Les Tribulations de Cassandre au pays de la photographie
Vendredi 31 août 2007
Hem, pardonnez l'écriture du titre, mais, j'ai eu un petit sursaut aujourd'hui en repensant à la ligne Yamanote qui fait le tour des quartiers les plus important de Tokyo...  Dans le sens Shinagawa => Shibuya, la voix qui annonce la station de ce quartier est un peu nazillarde et surtout, surtout, traîne tellement sur le "a" de la fin de Shibuya que je ne peux plus y penser sans être morte de rire =^.^=
Dommage que je n'ai pas eu l'idée de l'enregistrer, s'eut été fort amusant d'en garder la trace.

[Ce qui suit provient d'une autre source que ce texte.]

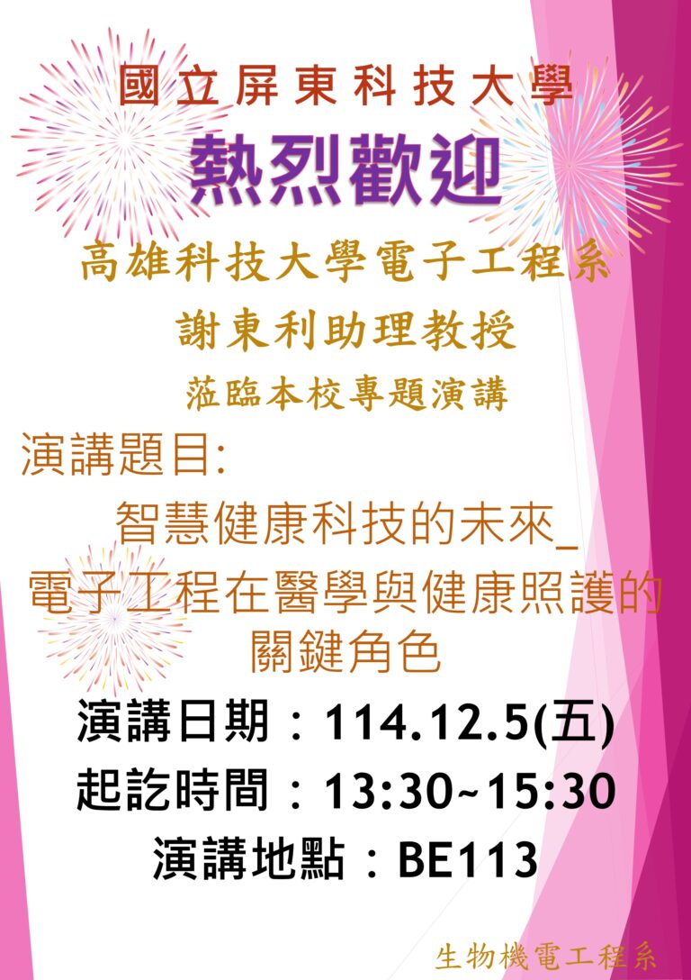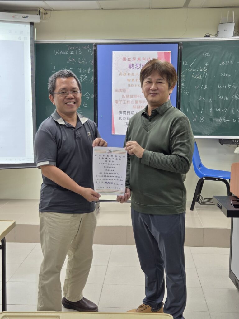 高雄科技大學電子工程系 謝東利助理教授 應邀蒞臨國立屏東科技大學生物機電工程系舉辦專題演講

Un petit article, donc, sur un quartier très connu et très commerçant de la ville. Ici pas de temple, pas d'Histoire, juste du Shopping. Pour quelqu'un comme moi qui en a horreur, ce serait plutôt un quartier que j'éviterais comme la peste, mais de temps en temps, je vais au Starbucks qui surplombe Shibuya Crossing (5 avenues s'y rejoignent et la gare JR est juste en face) et je regarde ces milliers de gens tous plus pressés les uns que les autres, de se rendre où? Mystère. Quelque soit l'heure du jour ou de la soirée, c'est très animé (jusqu'à l'heure du dernier train, ensuite c'est plus calme, et ça reprend avec le premier train, entre ceux qui rentrent de leurs nuit animée à l'Izakaya du coin ou passée au karaoké et ceux qui vont travailler), limite il fait presque "jour" tout le temps.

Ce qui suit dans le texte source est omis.